Он быстро оделся, боясь, что это ощущение – покалывание в кончиках пальцев – исчезнет и руки станут непослушными, чужими, такими же, как у всех людей.
– Быстрее, быстрее! – шептал он сам себе.
В данный момент Хоботову было все едино, что делать. Нашелся бы дома кусок глины, он принялся бы его мять прямо здесь, не обращая внимания, ни на грязь, ни на мусор. Но глина и пластилин находились в мастерской. В квартире он лишь спал, правда, иногда оставался ночевать и в мастерской, это случалось, когда силы покидали его, когда все силы уже были отданы работе и даже добраться до дома, пройти каких-то полкилометра он не мог.
Он выскочил из подъезда, даже не почистив зубы, не попив кофе, и побежал к мастерской. Он бежал будто на пожар, в расстегнутом пальто, в сбившейся на бок шапке, шарф развевался на ветру. Он бежал по лужам, по снегу, он торопился.
«Глина меня ждет, зовет к себе, как больной зовет врача, способного его исцелить. Руки, руки просят ее податливой упругости».

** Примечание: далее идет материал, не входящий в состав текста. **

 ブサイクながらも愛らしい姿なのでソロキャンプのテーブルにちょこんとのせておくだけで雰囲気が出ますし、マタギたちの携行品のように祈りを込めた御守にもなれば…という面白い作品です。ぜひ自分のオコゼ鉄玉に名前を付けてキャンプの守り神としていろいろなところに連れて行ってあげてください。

Он воткнул ключ в дверь мастерской, резко повернул его. Заскочило бы что-нибудь в замке, он скорее всего сломал бы ключ. Скульптор открыл мастерскую, стал повсюду зажигать свет, сбросил пальто прямо на диван, туда же швырнул шапку, шарф, свитер, буквально сорвал с себя майку, вырвал брючный ремень. Теперь ему было абсолютно все равно, как он выглядит.
От яркого света мастерская стала напоминать операционную. Огромный кожаный фартук, похожий на фартук мясника, только испачканный не кровью, а глиной, краской, гипсом, прикрыл его тело.

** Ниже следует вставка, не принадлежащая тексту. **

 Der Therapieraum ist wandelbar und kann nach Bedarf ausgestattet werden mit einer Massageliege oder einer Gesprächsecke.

Хоботов зашел в угол мастерской, опустился на колени и поднял тяжелый дощатый люк, под которым в яме лежала глина. Он тут же огромными кусками принялся выбрасывать ее наверх. Глина была холодная, влажная, на ощупь почти живая. На ней оставались следы прикосновений, следы его пальцев и ладоней. Каркас будущей скульптуры был уже сделан давно, но Леонид Хоботов не мог приступить к работе. Он не мог работать в спокойном состоянии, он ждал вдохновения.
И вот, наконец, свершилось. Чувства его буквально захлестывали, топили в себе. Он принялся таскать куски глины к станку, бросал их на грязный целлофан.
– Ну, ну, скорее! – бормотал он.
Затем подошел к огромному магнитофону и, изловчившись, нажал на клавишу большим пальцем правой ноги. Музыка буквально взвыла, наполняя мастерскую.
– Хорошо, – прошептал скульптор, бросаясь к станку, покрывая гнутую ржавую проволоку вязкой глиной. – Быстрее, быстрее! – торопил он сам себя, торопил свои руки.
Он не обращал внимания, что его лицо уже мокрое от пота, что все его сильное большое тело стало влажным и липким.
– Ну же, ну! Вот так! – он выворачивал куски влажной глины.
И голый каркас, бестелесный, холодный, постепенно стал приобретать очертания человеческих фигур, пока еще грубых, но уже живых, наполненных чувствами, силой и движением. Иногда он хватал деревянный молоток, стучал по каркасу, иногда руками, как хирург вправляет суставы, выгибал проволоку и быстрыми движениями сильных пальцев возвращал глину на свои места.
– Ну вот оно! Вот оно!
Скульптура начала оживать, из бесформенной, грубой превращалась в часть жизни. Глина принимала очертания человеческих тел, наполненных страшной энергией. Тела хранили в себе конвульсивные движения человека, пытающегося вырваться, освободиться от петли. А петлей являлась огромная змея – единственное, что пока не давалось Хоботову.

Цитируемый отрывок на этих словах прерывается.